> _What you are asked to do_:
Leaving out every picture, quote the data below exactly as it appears.

> _Supplied material_:

BEGIN

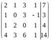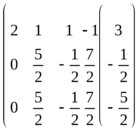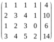 и вычтем из третьей, умножим первую строку на 2 и вычтем из четвертой, получаем:
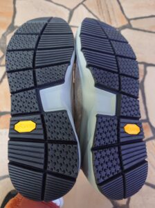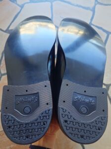 同じ形状のソールだとかかと部分のアッパー革が地面に近く削れやすい為、5mm厚くしてほんのりフレア形状にしました。軽量素材で履き心地も良さそうです。
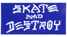 Samolepka ikonického SKATE AND DESTROY designu od kultovního Thrasher Magazinu. Samolepka z kvalitního materiálu, který je laminovaný a díky tomu vysoce odolný.
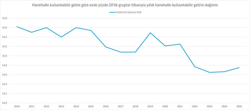 Üçüncü yüzde 20’lik gelir grubuna bakıldığında ise orta sınıftaki erime göze çarptı. 2010 yılında toplam gelirden yüzde 15,6 pay alan bu grup 2025’te son iki yıldır bir miktar yükseliş göstermesine karşın yüzde 14,8 paya ulaştı.

END

> _Reply to the exercise_:
 и вычтем из третьей, умножим первую строку на 2 и вычтем из четвертой, получаем:
 同じ形状のソールだとかかと部分のアッパー革が地面に近く削れやすい為、5mm厚くしてほんのりフレア形状にしました。軽量素材で履き心地も良さそうです。
 Samolepka ikonického SKATE AND DESTROY designu od kultovního Thrasher Magazinu. Samolepka z kvalitního materiálu, který je laminovaný a díky tomu vysoce odolný.
 Üçüncü yüzde 20’lik gelir grubuna bakıldığında ise orta sınıftaki erime göze çarptı. 2010 yılında toplam gelirden yüzde 15,6 pay alan bu grup 2025’te son iki yıldır bir miktar yükseliş göstermesine karşın yüzde 14,8 paya ulaştı.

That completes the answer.